__EXERCISE DIRECTIONS__:
An exact copy of the lines from the start of the material below through the line containing "We stop for" is the required answer, and it includes no pictures.

__DATA BELOW__:
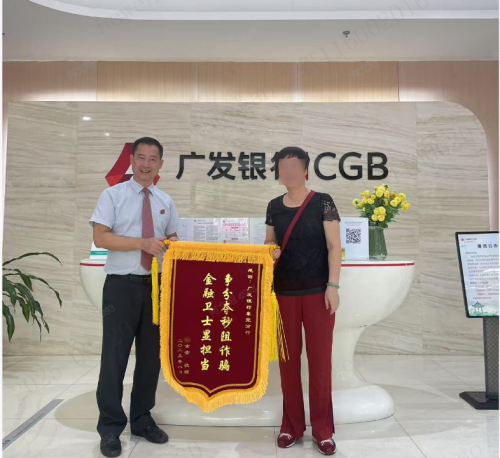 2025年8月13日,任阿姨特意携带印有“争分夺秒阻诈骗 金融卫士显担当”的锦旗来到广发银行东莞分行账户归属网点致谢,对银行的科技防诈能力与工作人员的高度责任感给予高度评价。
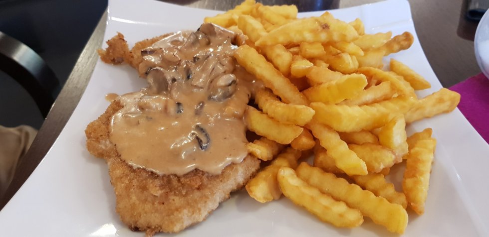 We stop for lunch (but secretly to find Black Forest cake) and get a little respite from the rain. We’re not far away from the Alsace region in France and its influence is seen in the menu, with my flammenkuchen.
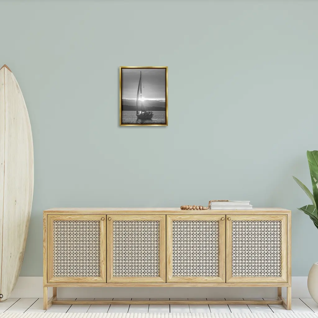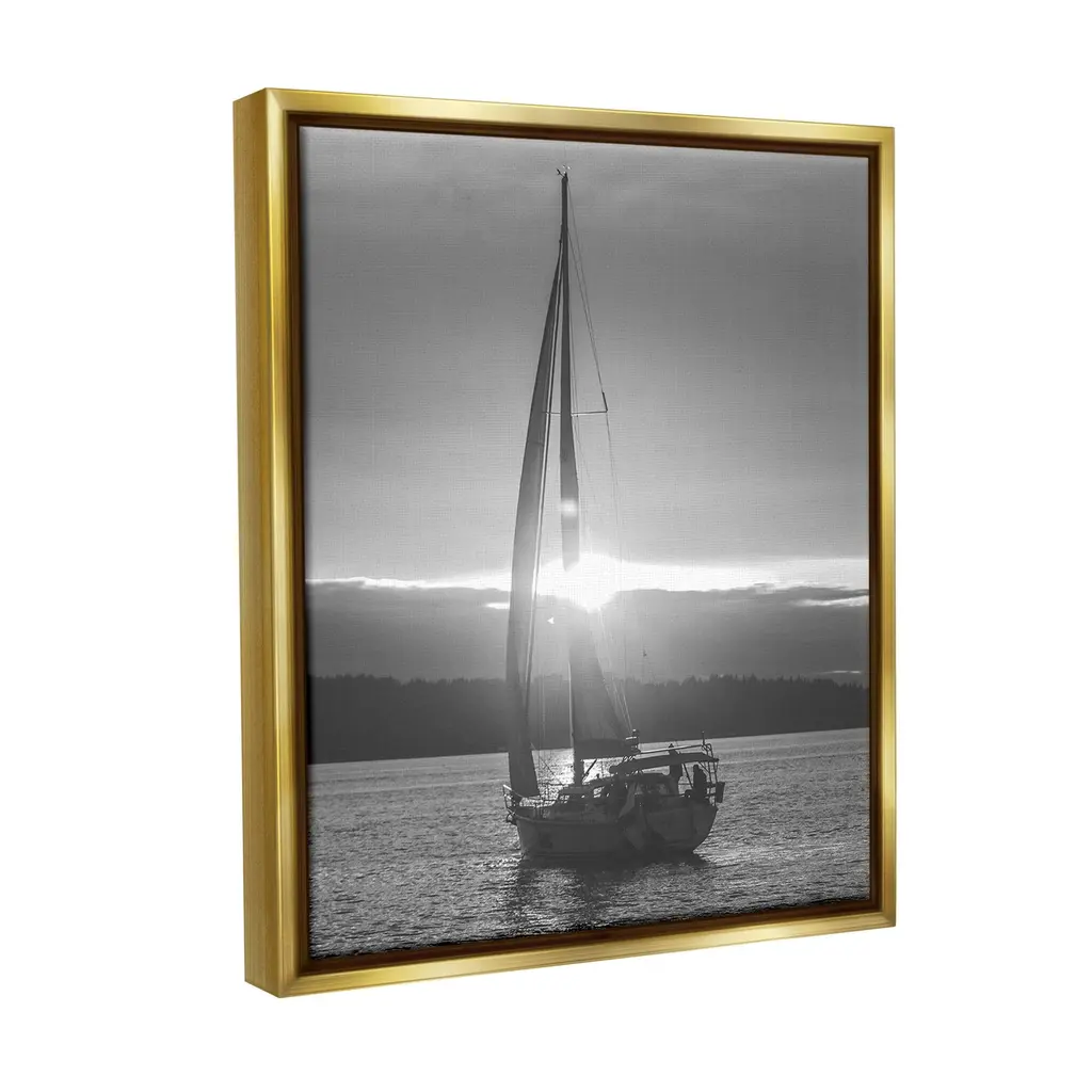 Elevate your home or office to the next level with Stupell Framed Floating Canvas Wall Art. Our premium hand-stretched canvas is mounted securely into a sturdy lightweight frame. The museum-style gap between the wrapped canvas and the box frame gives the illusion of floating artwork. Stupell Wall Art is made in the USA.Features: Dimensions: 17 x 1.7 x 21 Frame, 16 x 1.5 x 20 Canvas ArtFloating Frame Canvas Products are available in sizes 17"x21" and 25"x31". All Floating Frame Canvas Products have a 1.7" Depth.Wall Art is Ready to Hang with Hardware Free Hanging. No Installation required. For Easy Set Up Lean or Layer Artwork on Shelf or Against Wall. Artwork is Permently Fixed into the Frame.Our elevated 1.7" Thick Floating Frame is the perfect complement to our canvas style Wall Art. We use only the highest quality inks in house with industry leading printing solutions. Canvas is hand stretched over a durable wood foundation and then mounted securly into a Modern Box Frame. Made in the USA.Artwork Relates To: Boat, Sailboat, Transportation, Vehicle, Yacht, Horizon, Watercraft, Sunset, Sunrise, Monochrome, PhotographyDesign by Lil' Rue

__WRITTEN ANSWER__:
 2025年8月13日,任阿姨特意携带印有“争分夺秒阻诈骗 金融卫士显担当”的锦旗来到广发银行东莞分行账户归属网点致谢,对银行的科技防诈能力与工作人员的高度责任感给予高度评价。
 We stop for lunch (but secretly to find Black Forest cake) and get a little respite from the rain. We’re not far away from the Alsace region in France and its influence is seen in the menu, with my flammenkuchen.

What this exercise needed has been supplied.